What the task asks → From the listing, collect all lines containing the word "інфраструктурі".

Dataset content →
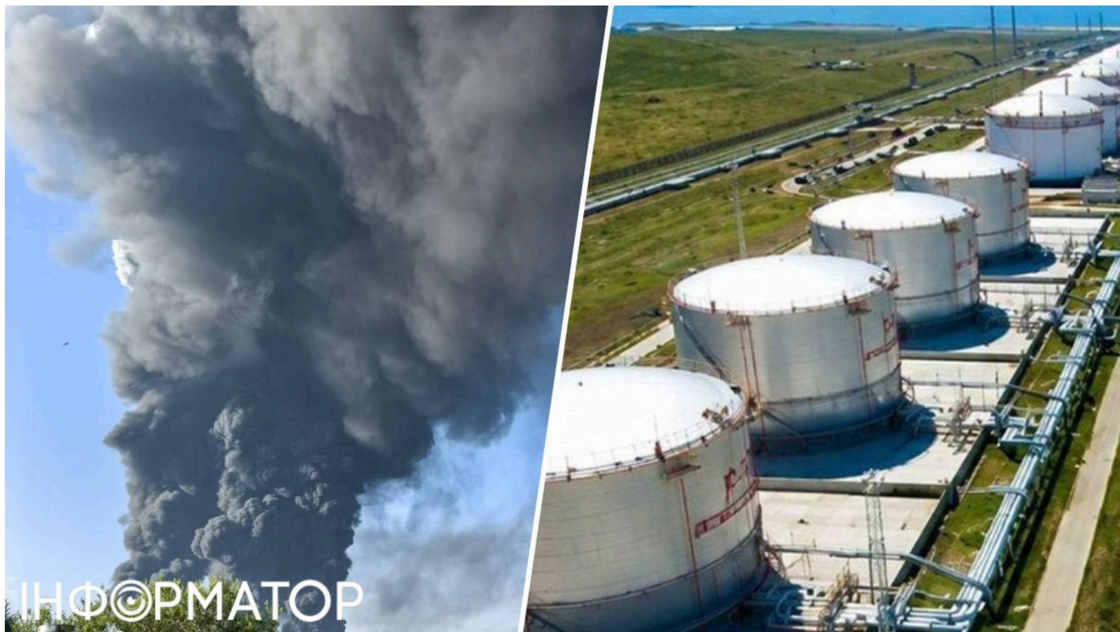
Удари по нафтовій інфраструктурі Росії

Упродовж 14 червня українські Сили оборони завдали серії ударів по стратегічній енергетичній та хімічній інфраструктурі Росії відразу в трьох регіонах країни-агресора. Підрозділи DeerStrike спільно з воїнами ЦСО "Альфа" СБУ та ГУР МОУ атакували найбільший на півдні нафтогазовий термінал, хімічний комбінат і велику паливну базу в Ярославській області. Кожен об'єкт забезпечує або потреби російської армії, або доходи від експорту вуглеводнів.
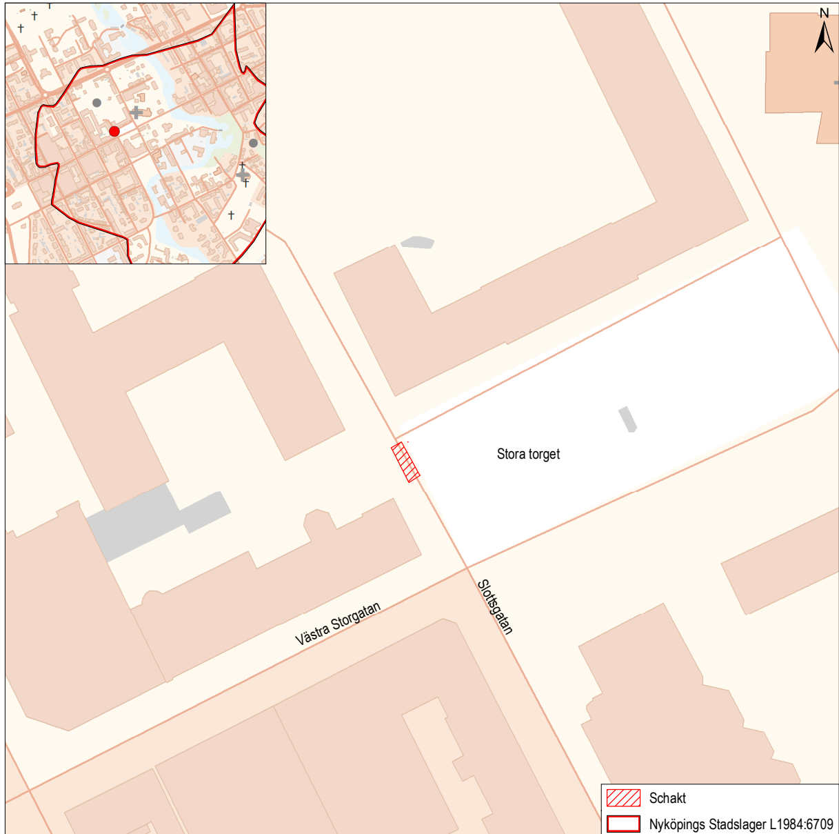
Figur 2. Schaktets läge på Stora Torget i Nyköping mot bakgrund av Fastighetskartan, skala 1:1 000. Översikt i skala 20 000:

Schaktet mätte 7,5 x 2,5 meter i plan och grävdes som djupast ned till 2,1 meter under marknivå. Inga äldre konstruktioner, artefakter eller andra lämningar av antikvariskt värde framkom.

Written response →
Удари по нафтовій інфраструктурі Росії
Упродовж 14 червня українські Сили оборони завдали серії ударів по стратегічній енергетичній та хімічній інфраструктурі Росії відразу в трьох регіонах країни-агресора. Підрозділи DeerStrike спільно з воїнами ЦСО "Альфа" СБУ та ГУР МОУ атакували найбільший на півдні нафтогазовий термінал, хімічний комбінат і велику паливну базу в Ярославській області. Кожен об'єкт забезпечує або потреби російської армії, або доходи від експорту вуглеводнів.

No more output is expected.